Tabubrüche und Deutschtümelei
Zurück zu Herrn Jongen: Der AfD schwebt zwar anstelle des "morschen Systems" sicher kein neonazistischer Führerstaat vor, aber eben auch keine liberale und schon gar keine soziale Demokratie im Sinne eines Verfassungspatriotismus bundesrepublikanischer Prägung. Im Gegenteil: Die Forderung nach "Tabubrüchen" ist integraler Bestandteil rechtspopulistischer Argumentation, denn genau das spricht Protestwähler an. Über die reine Protestklientel hinaus bedient eine Partei wie die AfD aber auch die Nachfrage nach bestimmten Inhalten: Autoritarismus und Deutschtümelei zum Beispiel oder reaktionäre Positionen in familienpolitischen Fragen. Bei seinem Auftritt in der Sendung "Anne Will" hat Alexander Gauland das gerade wieder sehr deutlich gemacht. Es entstünde eine "neue Gemengelage", sagte er, wenn Flüchtlinge "Teil des deutschen Volkes" würden. Lieber möchte er "dieses Land" so behalten, wie er es von seinen Vätern "ererbt" habe.

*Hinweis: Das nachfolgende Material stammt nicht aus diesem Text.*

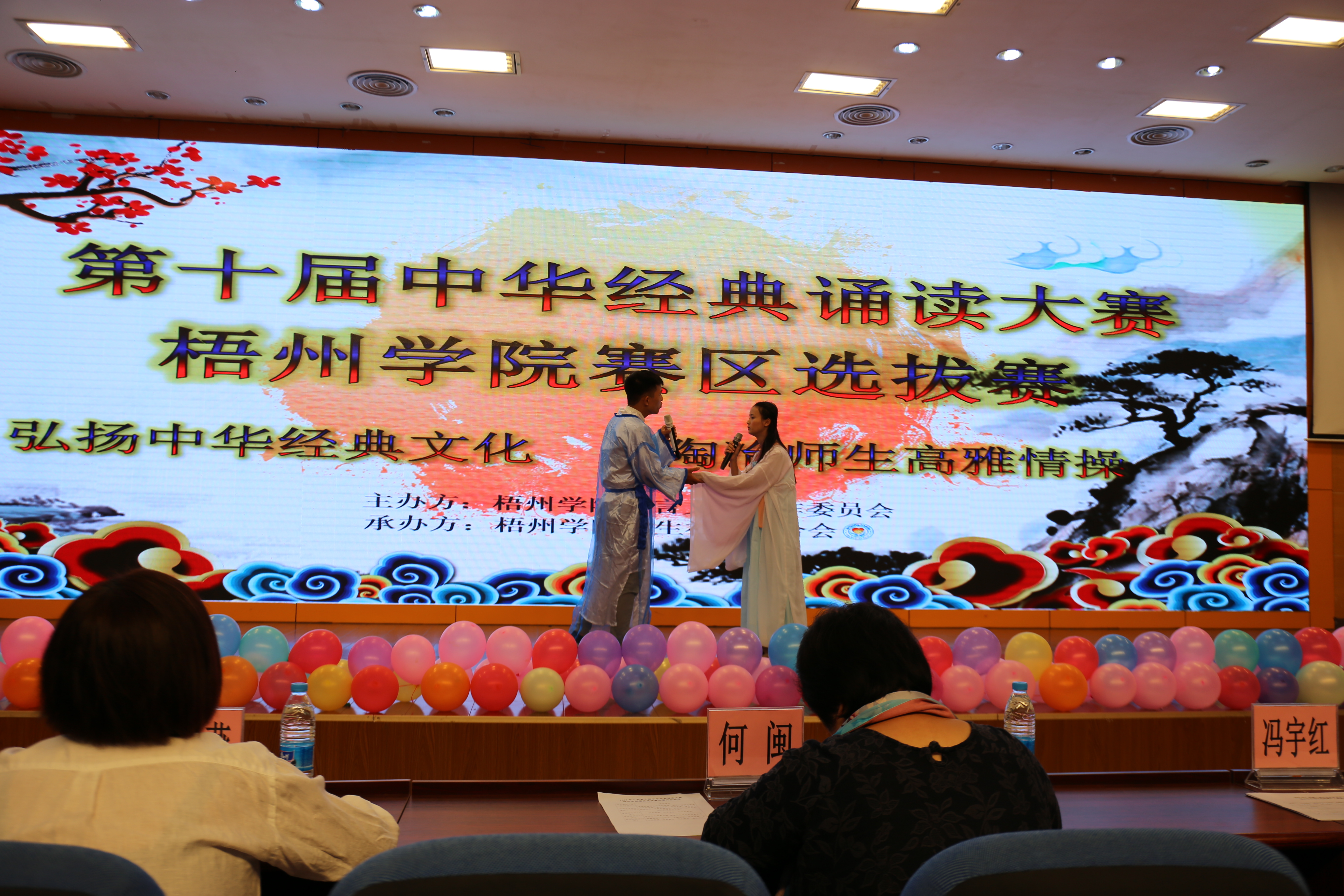 为深入贯彻习近平总书记关于传统文化教育的系列重要讲话精神,传承和弘扬中华优秀传统文化,10月31日晚,由梧州学院语言文字工作委员会主办、梧州学院学生社团联合会承办的以“弘扬中华经典文化,陶冶师生高雅情操”为主题的第十届中华经典诵读大赛梧州学院赛区选拨赛决赛于北校区学术报告厅顺利开展。梧州朗诵委员会主任、中国船舶工业集团总公司华南地区演讲指导老师何闽;梧州朗诵委员会专家顾问、梧州电台副台长、一级播音员冯宇红;汉语言文字学博士、文法学院副教授、国家级普通话水平测试员吴术燕;文法学院汉语言文学专业副教授秦延良出席并担任了本次大赛的评委。
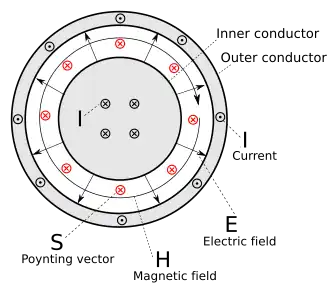 Por exemplo, o vetor de Poynting no interior do isolante dielétrico de um cabo coaxial é quase paralelo ao eixo do fio (assumindo nenhum campo externo ao cabo e um comprimento de onda mais longo que o diâmetro do cabo, incluindo DC). A energia elétrica flui quase totalmente através do dielétrico entre os condutores. Muito pouca energia flui nos condutores por si só, visto que a intensidade de campo elétrico é próxima de zero. Nenhuma energia flui fora do cabo, entanto, desde que os campos elétricos e magnéticos dos condutores internos e externos cabo se cancelam.

Gerade in Mittelosteuropa gehört noch eine weitere Ausprägung zur radikalen Rechten: ein christlich-fundamentalistischer, klerikal-autoritärer Nationalismus. Häufig zeigt dieser auch weitere Merkmale von Rechtspopulismus oder Rechtsextremismus. Irgendwo in diesem Grenzbereich ist wohl die gegenwärtige polnische Regierungspartei PiS anzusiedeln. Wie gesagt: Die Grenzen sind fließend.
Besonders augenfällig ist das beim Front National: Ließ sich die Partei unter Le Pen Vater noch als klar rechtsextrem beschreiben, ist das unter Le Pen Tochter nicht mehr so eindeutig. Die Partei hat sich nicht nur modernisiert, sondern durch die Abgrenzung vom Antisemitismus zumindest auch Teile ihres ideologischen Ballasts abgeworfen. Dennoch besteht der ideologische Kern weitgehend fort: Nationalismus, Fremdenfeindlichkeit, Law-and-Order-Rhetorik, Europafeindlichkeit. Gleichzeitig trägt die Partei in ihrem politischen Stil auch deutlich populistische Züge. An dieser Stelle kommt eine weitere Kategorie der radikalen Rechten ins Spiel, die der Politikwissenschaftler Michael Minkenberg ethnozentristische Rechte nennt. Hierzu gehören nach einem von Minkenberg entwickelten Schema u.a. der Front National, die FPÖ und die Dänische Volkspartei. Auch die AfD weist einen deutlichen Trend in diese Richtung auf.
Die Daten der jüngsten Mitte-Studie der Friedrich-Ebert-Stiftung aus dem Jahr 2014 zu rechtsextremen und menschenfeindlichen Einstellungen in Deutschland zeigen, dass rund 20 Prozent der Bevölkerung deutlich rechtspopulistisch denken. In welchem Ausmaß diese Orientierungen, die in allen Teilen der Gesellschaft anzutreffen sind, im Zeichen der Flüchtlingskrise noch zugenommen haben, werden wir wissen, wenn die neue FES-Mitte-Studie im November 2016 erscheint. Fest steht: In der gegenwärtigen "Gemengelage" nimmt die populistische Versuchung für die Politik zu. Wann ist die Grenze zum Populismus überschritten? Wenn aus dem "Aufs-Maul-Schauen" ein "Nach-dem-Munde-Reden" wird. In dieser Hinsicht hatte Franz Josef Strauß ganz recht.